If there was a Heaven out there, Gerald was certain this wasn't it. When the Oculurubrus disease struck, he tried desperately to remain a pillar of strength within the community. He tried to rally the spirits of his flock. He tried to bring them together in strength and unity. But the disease had no mercy to be found. No humanity. It swept through the land like the plagues of old, like a biblical flood to wash away the righteous and unrighteous alike. The good Reverend watched in horror and helplessness as the world fell to chaos and his community crumbled around him. His parish and his people died, and so too did his faith.

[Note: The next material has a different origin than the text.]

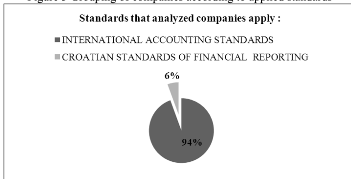
Figure 3 Grouping of companies according to applied standards

Considering the application of CFRS or the application of IFRS on the analyzed sample of 54 companies results are following: 3 companies (6%) apply CSFR while 51 companies (94%) apply IFRSs. From this it is obvious that this sample is mainly formed from big size companies.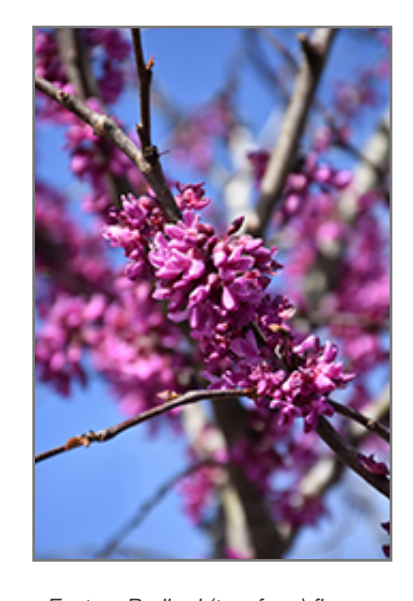
Eastern Redbud (tree form) flowers

CUMBERLAND 201 Gray Rd (Route 100) Cumberland, ME 04021 1-800-348-8498 207-829-5619

But Gerald lived. He was a man of dedication and strong will before the apocalypse, and that will remained twisted but unbroken. Overcome by a sense of betrayal, he vowed to live, if only to spite the sick Creator that wanted to see him suffer so. He fought to see every next sunrise, committing sins that once he wouldn't have even dare dreamed of just to keep breathing. Bodies lie before him, some from his own hand and others from his indifference. With his home in ashes, Gerald drifted in a sort of self-imposed exile, traveling the ruins of the old world. He saw a land that could only be described as God-forsaken. Monsters roamed free, and the small pockets of survivors were hardly better. Civil order had long since broken down, and ruthlessness reigned supreme. He bore witness to acts of great cruelty, of darkness and base human desires, and the sight of this new world sickened him. As the years passed, Gerald came to a slow revelation; this was a world without faith. Without the hope of something more. But it didn't have to be this way. People could be better. They should be better. When the former Reverend discovered the small community of Monroe, he saw in them an opportunity. A chance to be more than what he was, more than the bitter husk he had become.

Gerald Bechet was not a good man. But maybe, just maybe, he could be one again.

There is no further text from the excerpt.